### Task to carry out
Among the entries below, one stretch runs from the line that contains "天猫tfy旗舰店,红色小马耳" through the line that contains "scoop neck, sleeveless". Repeat that stretch exactly, ends included, and only that.

Stored data
------------------------------------------------------------------------

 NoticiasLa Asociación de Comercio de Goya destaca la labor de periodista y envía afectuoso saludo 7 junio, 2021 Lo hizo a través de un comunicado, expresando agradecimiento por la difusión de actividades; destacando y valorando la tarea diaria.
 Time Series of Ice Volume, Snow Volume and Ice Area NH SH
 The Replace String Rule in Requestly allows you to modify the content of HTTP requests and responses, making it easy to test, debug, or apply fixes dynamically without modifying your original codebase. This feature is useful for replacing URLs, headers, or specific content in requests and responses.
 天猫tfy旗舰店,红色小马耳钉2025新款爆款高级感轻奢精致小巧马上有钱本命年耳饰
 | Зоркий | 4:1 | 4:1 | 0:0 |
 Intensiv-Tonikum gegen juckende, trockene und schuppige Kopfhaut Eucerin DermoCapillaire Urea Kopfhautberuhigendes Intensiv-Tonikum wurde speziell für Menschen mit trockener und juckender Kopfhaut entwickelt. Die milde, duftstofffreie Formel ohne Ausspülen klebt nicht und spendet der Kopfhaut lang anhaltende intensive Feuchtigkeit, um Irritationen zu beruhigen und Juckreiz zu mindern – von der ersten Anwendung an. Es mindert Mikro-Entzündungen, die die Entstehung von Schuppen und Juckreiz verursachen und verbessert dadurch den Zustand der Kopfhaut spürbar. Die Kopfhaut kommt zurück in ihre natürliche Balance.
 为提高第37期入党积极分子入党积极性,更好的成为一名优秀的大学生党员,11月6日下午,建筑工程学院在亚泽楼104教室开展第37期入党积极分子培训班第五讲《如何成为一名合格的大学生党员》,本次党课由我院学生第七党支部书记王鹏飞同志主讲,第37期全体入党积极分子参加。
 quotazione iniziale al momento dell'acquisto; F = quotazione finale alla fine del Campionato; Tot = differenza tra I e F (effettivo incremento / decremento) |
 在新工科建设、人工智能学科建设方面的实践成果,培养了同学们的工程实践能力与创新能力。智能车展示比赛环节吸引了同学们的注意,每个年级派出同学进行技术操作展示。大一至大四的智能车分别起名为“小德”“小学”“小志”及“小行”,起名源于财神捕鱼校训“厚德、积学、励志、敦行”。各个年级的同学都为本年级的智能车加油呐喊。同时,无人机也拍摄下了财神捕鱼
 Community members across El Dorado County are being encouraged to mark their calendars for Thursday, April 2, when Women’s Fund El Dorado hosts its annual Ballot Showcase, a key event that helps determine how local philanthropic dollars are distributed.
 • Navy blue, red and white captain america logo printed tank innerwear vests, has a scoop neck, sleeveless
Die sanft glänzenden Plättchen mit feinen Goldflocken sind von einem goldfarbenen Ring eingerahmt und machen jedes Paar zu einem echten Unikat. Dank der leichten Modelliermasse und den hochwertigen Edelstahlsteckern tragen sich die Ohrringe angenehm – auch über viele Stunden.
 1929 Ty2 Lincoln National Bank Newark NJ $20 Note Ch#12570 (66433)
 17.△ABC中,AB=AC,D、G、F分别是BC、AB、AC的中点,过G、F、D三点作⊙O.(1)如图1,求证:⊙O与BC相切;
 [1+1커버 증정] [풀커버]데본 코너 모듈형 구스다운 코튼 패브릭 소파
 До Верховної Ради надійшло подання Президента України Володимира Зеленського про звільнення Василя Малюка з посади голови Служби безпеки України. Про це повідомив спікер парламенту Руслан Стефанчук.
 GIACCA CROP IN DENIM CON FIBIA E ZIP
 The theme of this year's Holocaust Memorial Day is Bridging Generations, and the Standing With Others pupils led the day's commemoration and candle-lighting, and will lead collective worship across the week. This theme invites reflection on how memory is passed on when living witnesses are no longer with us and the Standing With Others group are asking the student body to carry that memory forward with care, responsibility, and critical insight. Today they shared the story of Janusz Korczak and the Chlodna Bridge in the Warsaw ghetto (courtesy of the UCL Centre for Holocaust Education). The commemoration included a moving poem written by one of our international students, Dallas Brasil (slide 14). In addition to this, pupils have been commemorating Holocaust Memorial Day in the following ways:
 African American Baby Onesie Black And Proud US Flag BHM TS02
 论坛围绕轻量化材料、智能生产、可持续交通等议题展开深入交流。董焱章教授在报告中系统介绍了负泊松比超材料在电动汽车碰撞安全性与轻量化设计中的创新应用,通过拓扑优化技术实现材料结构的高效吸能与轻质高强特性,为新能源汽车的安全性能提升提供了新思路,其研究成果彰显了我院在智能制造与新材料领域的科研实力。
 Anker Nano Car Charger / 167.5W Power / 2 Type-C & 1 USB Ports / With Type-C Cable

------------------------------------------------------------------------

### Finished exercise
 天猫tfy旗舰店,红色小马耳钉2025新款爆款高级感轻奢精致小巧马上有钱本命年耳饰
 | Зоркий | 4:1 | 4:1 | 0:0 |
 Intensiv-Tonikum gegen juckende, trockene und schuppige Kopfhaut Eucerin DermoCapillaire Urea Kopfhautberuhigendes Intensiv-Tonikum wurde speziell für Menschen mit trockener und juckender Kopfhaut entwickelt. Die milde, duftstofffreie Formel ohne Ausspülen klebt nicht und spendet der Kopfhaut lang anhaltende intensive Feuchtigkeit, um Irritationen zu beruhigen und Juckreiz zu mindern – von der ersten Anwendung an. Es mindert Mikro-Entzündungen, die die Entstehung von Schuppen und Juckreiz verursachen und verbessert dadurch den Zustand der Kopfhaut spürbar. Die Kopfhaut kommt zurück in ihre natürliche Balance.
 为提高第37期入党积极分子入党积极性,更好的成为一名优秀的大学生党员,11月6日下午,建筑工程学院在亚泽楼104教室开展第37期入党积极分子培训班第五讲《如何成为一名合格的大学生党员》,本次党课由我院学生第七党支部书记王鹏飞同志主讲,第37期全体入党积极分子参加。
 quotazione iniziale al momento dell'acquisto; F = quotazione finale alla fine del Campionato; Tot = differenza tra I e F (effettivo incremento / decremento) |
 在新工科建设、人工智能学科建设方面的实践成果,培养了同学们的工程实践能力与创新能力。智能车展示比赛环节吸引了同学们的注意,每个年级派出同学进行技术操作展示。大一至大四的智能车分别起名为“小德”“小学”“小志”及“小行”,起名源于财神捕鱼校训“厚德、积学、励志、敦行”。各个年级的同学都为本年级的智能车加油呐喊。同时,无人机也拍摄下了财神捕鱼
 Community members across El Dorado County are being encouraged to mark their calendars for Thursday, April 2, when Women’s Fund El Dorado hosts its annual Ballot Showcase, a key event that helps determine how local philanthropic dollars are distributed.
 • Navy blue, red and white captain america logo printed tank innerwear vests, has a scoop neck, sleeveless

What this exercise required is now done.